Viewing Junko Mizuno's work is like getting your ass kicked five different ways. At first you think it's fuzzy and adorable, kind of like Precious Moments meets typical anime mascot cuteness- then you notice the blood, the nudity, the black magic. Junko's girls don't just pull at your heart-strings, they pull out your guts. This is what would happen if all those cute, mute icons that little girls are supposed to love and emulate suddenly woke up and went on a murderous, self-empowered rampage. Realizing their sexuality, their physical power and their individuality, they carve a path for themselves right through your expectations.
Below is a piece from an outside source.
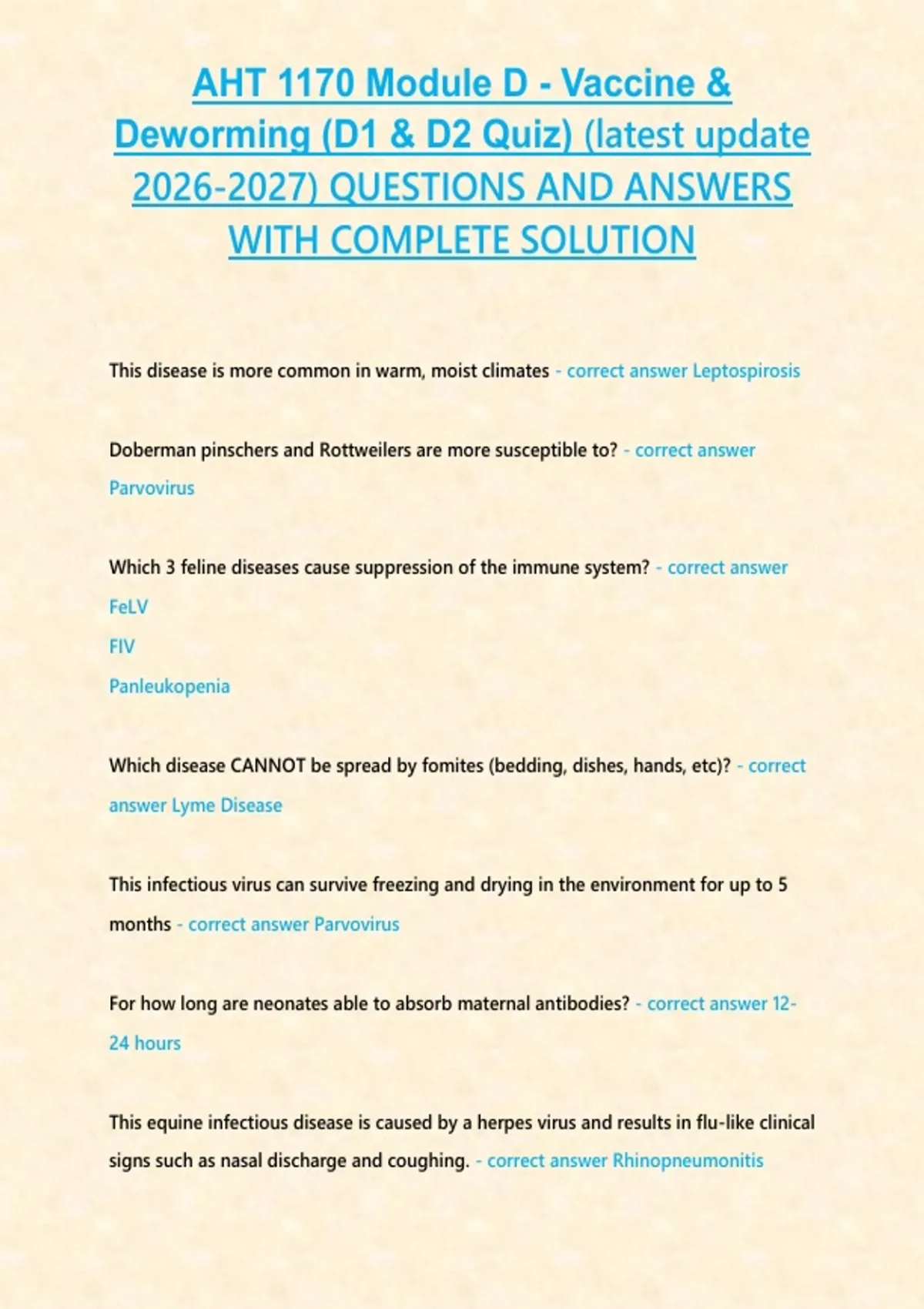 AHT 1170 Module D - Vaccine & Deworming (D1 & D2 Quiz) (latest update ) QUESTIONS AND ANSWERS

What results is the perfect mixture of not-quite-right and deliciously wrong.

Adam: People seem to have a hard time defining your work, settling for phrases like "kawaii-grotesque or "ultra-violent, ultra-cute. How do you refer to your style?
Junko: I think it is interesting to "define" my work, and I certainly understand that different people express their impressions (about my work) in various ways, but it is hard for me to express in words what my style is. It is a natural progression of my work to go through change, and I am certainly ever-changing, so in short, I think it may be meaningless to categorize my work.

Contradictions seem to be inherent to what you do. Your images are at once attractive and repulsive, sexy and scary. Your stories always start with a very traditional idea and then warp into something completely different. Are you a rebel at heart?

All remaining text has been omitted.